Human B-cell (NIAID, Flickr)

29 Nov. 2021. A discoverer of synthetic antibodies is asking Food and Drug Administration for clearance to begin a clinical trial of a Covid-19 antibody cocktail therapy. Immunome Inc. in Exton, Pennsylvania filed an investigational new drug application with FDA for its experimental three-antibody combination code-named IMM-BCP-01 to treat patients with SARS-Cov-2 infections.

Immunome discovers and develops synthetic antibody therapies to treat cancer and infectious diseases derived from blood samples donated by patients with those conditions. From the blood samples, the company focuses on B-cells, white blood cells in the immune system that produce antibodies in response to invading pathogens. Immunome pairs its captured B-cells with corresponding antigens in an hybridoma technology first designed for cancer immunotherapies, by screening the antibodies against its library of disease-related antigens.
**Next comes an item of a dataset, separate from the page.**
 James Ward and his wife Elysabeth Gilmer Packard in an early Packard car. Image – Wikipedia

That screening process looks for antibodies from memory B cells, those providing for long-term adaptive immunity, with high affinity for their antigen targets.

The result, says Immunome, is highly targeted monoclonal antibodies designed to produce immune responses to treat cancer or infectious diseases. The company says its IMM-BCP-01 therapy for Covid-19 infections is a cocktail of three antibodies each addressing separate regions of the protein on the surface of the SARS-CoV-2 viral spikes. Immunome says the antibody targets include areas of the spike-surface protein binding to angiotensin-converting enzyme 2 or ACE2 receptors in cells, and other spike protein chemistry components.
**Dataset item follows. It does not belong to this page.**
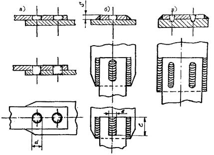 При значительной разнице толщины соединяемых деталей (для соединений малонагруженных) применяют пробочные, прорезные и проплавные швы (рис. 4.3)

Test against a placebo and with increasing doses

Immunome says in preclinical studies, IMM-BCP-01 reduces viral loads in lungs of hamsters, and neutralizes all variants of concern at the time, including the Delta variant. The company says its preclinical work on IMM-BCP-01 is funded by a contract from the Joint Program Executive Office for Chemical, Biological, Radiological and Nuclear Defense in the U.S. Department of Defense.

“With the continued emergence of new variants, such as Omicron,” says Purnanand Sarma, president and CEO of Immunome, in a company statement, “and resurgence in SARS-CoV-2 cases despite high vaccination rates, we believe therapeutic treatment options for Covid-19 are essential. We further believe that a carefully designed cocktail, based on direct human immune response against SARS-CoV-2, could provide a novel and powerful approach to combat this virus.”

Pending acceptance of the company’s investigation new drug application or IND, Immunome plans a clinical trial of IMM-BCP-01 with Covid-19 infected patients, testing the treatment against a placebo and with increasing doses. An investigational new drug application officially seeks permission from FDA to ship new drug candidates across state lines to clinical trial sites, in effect requesting permission for a clinical trial.